I researched the web and leukemia can be caused by chemo. Of course I worried until the results of the repeat tests came in.

Anyway, both blood samples were reviewed by the head of the lab, and the first results were an error.

Keep in mind that if you believe all the information on the web, our situation looks pretty grim. Liver mets like I have, according to the liver stats on the web, supposed to be impossible to put into any kind of remission, and have a life expectancy of 1-3 years.

Well, here I am a year after mets diagnosis, just about to reach NED status, and just last week I was skiing on one of the steepest mountains in the US, in Aspen!
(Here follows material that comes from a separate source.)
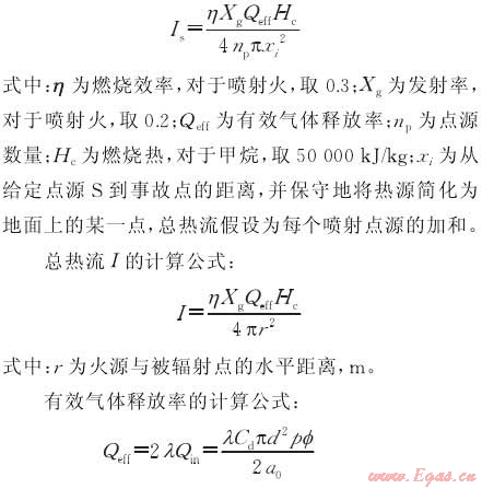 2,用時(shí)分別為27s和1162.3s,低于該熱流值時(shí)人員不會死亡、木質(zhì)結(jié)構(gòu)不會損壞。為此,危險(xiǎn)輻射強(qiáng)度取15.77kW/m2,兩種工況下噴射火的危險(xiǎn)半徑分別為45m和50m。

Don't lose hope, and try not to worry too much. And remember, we are all breaking the old statistics now.

Sheila
02-07-2005, 10:56 AM
Lola
I understand your concern and confusion...yes chemotherapy can cause leukemia,heart problems, etc...but so can alot of other drugs we take without worrying. The low counts due to leukemia is a remote possibility...but very remote, and if caught early, leukemia is highly treatable nowadays. It is amazing any of us can keep our sanity and smiles with all the info out there....we take a drug to cure a life threatening disease with the possibility of getting a life threatening disease...seems unfair and a poor trade off! I am sure there is a simple explanation about your white count...and the Dr. probably wanted to make you aware of possibilities, although slim...that could be the cause. Try not to worry, I am sure everything is OK and you have lots of prayers that things will be fine....think positive......
Hugs and Prayers
Sheila

StephN
02-07-2005, 01:15 PM
Dear Lola -

First - the good news. The current issue of CURE magazine has a bit about a new drug just for "older leukemia patients." Called Zarnestra (tipifarnib) - an oral medication being investigated for acute myelogenous leukemia, as well as in myelodysplastic syndrome (MDS), a disorder where abnormal cells crowd out normal cells in the bone marrow. There are some ongoing trials with this drug.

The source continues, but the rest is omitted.